Task to complete:
Pictures excluded, output the lines of the data below between the one holding "moldering, alluring model" and the one holding "改善PFC能效的目标是为了实", inclusive, exactly as they stand.

━━━ Material shown

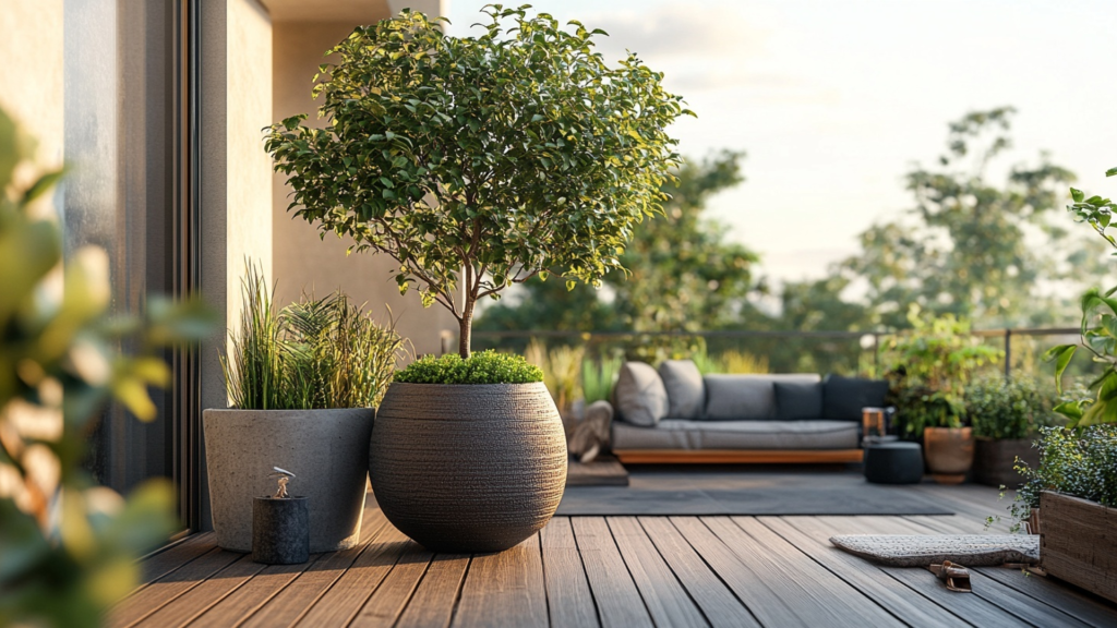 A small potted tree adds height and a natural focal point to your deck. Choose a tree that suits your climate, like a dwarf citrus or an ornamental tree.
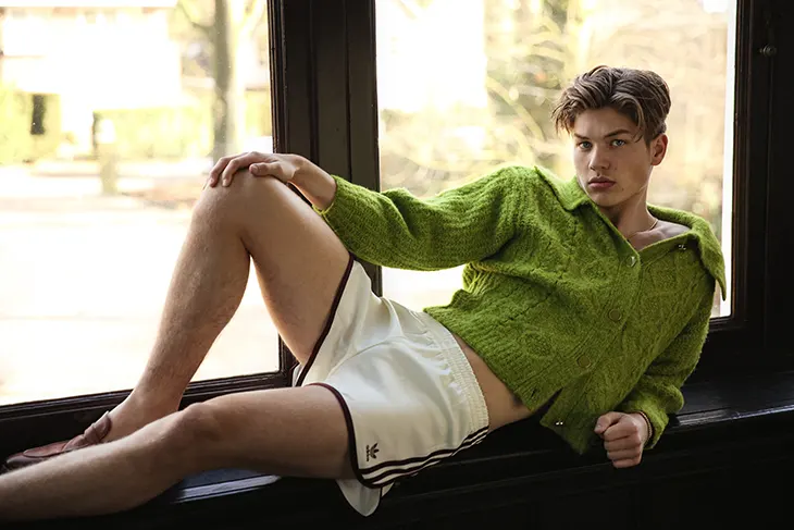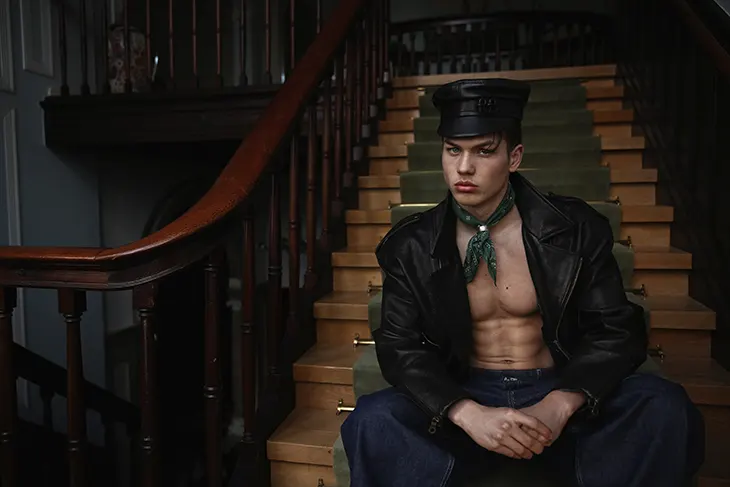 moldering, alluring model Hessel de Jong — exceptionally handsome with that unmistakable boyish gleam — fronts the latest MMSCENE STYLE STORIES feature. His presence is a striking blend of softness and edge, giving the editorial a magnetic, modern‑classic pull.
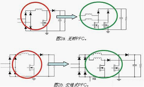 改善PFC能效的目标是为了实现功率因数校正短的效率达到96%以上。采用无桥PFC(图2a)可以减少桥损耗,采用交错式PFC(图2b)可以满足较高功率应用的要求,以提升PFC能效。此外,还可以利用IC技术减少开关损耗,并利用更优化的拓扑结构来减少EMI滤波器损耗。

━━━━━━
━━━ Material shown

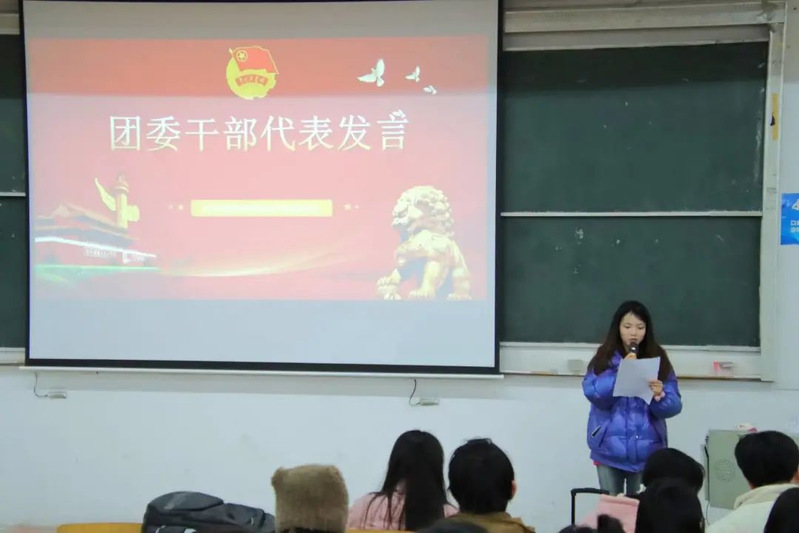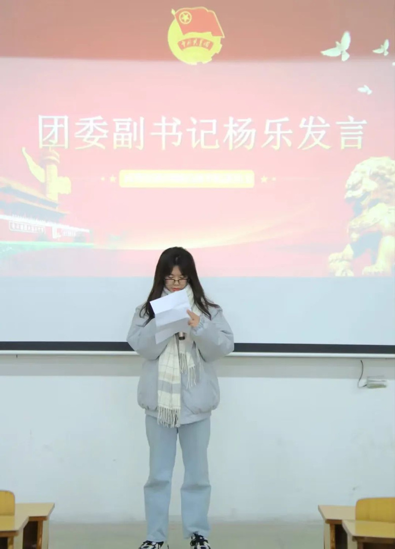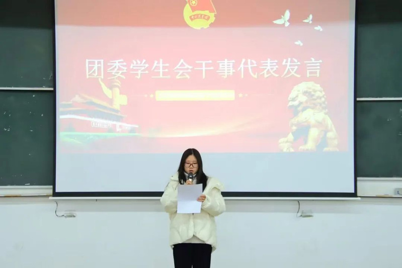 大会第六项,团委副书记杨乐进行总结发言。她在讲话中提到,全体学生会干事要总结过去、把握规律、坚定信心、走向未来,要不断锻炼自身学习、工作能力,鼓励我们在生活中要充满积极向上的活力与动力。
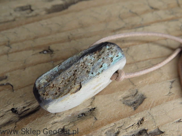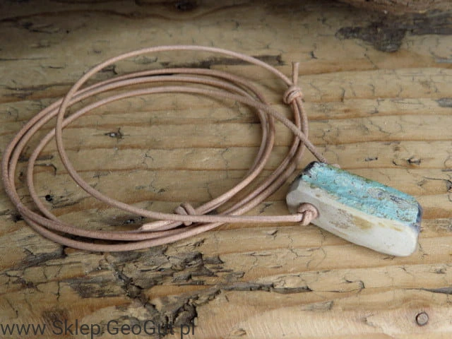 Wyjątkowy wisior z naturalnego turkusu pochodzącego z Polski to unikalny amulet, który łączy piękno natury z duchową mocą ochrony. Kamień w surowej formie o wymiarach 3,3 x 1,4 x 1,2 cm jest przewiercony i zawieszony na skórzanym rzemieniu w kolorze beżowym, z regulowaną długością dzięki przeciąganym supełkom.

━━━━━━

Exercise solution:
 moldering, alluring model Hessel de Jong — exceptionally handsome with that unmistakable boyish gleam — fronts the latest MMSCENE STYLE STORIES feature. His presence is a striking blend of softness and edge, giving the editorial a magnetic, modern‑classic pull.
 改善PFC能效的目标是为了实现功率因数校正短的效率达到96%以上。采用无桥PFC(图2a)可以减少桥损耗,采用交错式PFC(图2b)可以满足较高功率应用的要求,以提升PFC能效。此外,还可以利用IC技术减少开关损耗,并利用更优化的拓扑结构来减少EMI滤波器损耗。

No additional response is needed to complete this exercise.